18. Under section 13 (4) of the Bail Act a person can be kept in remand for 2 years or more if the interest of justice so requires.


19. This court cannot be oblivious to the applicant’s apparent complicity or involvement in the commission of the offences he is alleged to have committed, although, the applicant strongly argues that he is innocent until proven guilty and he has evidence to create a reasonable doubt in the prosecution case is not a matter for consideration at this point in time but a trial issue.


20. After considering the affidavits filed and the submissions made it is not in the public interest to grant bail to the applicant. There is a real likelihood that the applicant will interfere with the complainant and the other prosecution witnesses whilst on bail.
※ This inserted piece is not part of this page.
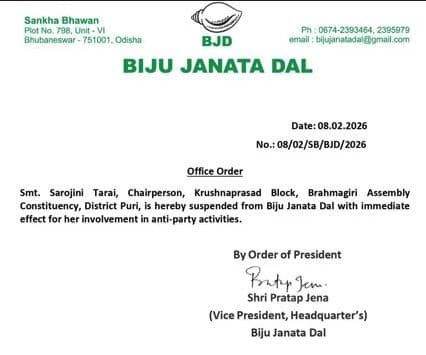 According to the official office order dated February 8, 2026, the suspension was issued under reference number 08/02/SB/BJD/2026. The party cited her involvement in anti-party activities as the reason for disciplinary action.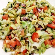 Chop the cucumber, preferably into smaller pieces, and add it to the other vegetables.

It is also noted that all the pretrial stages have been completed and both counsel are ready for trial proper in 8 weeks time.


ORDERS


  1. The application for bail pending trial is refused;
  2. The hearing date of 11th November, 2024 assigned in the substantive matter is maintained;

c) 30 days to appeal to the Court of Appeal.


.......................
Sunil Sharma
JUDGE


At Lautoka
09 September, 2024


Solicitors;
Office of the Director of Public Prosecutions for the State.
Office of the Legal Aid Commission for the Accused.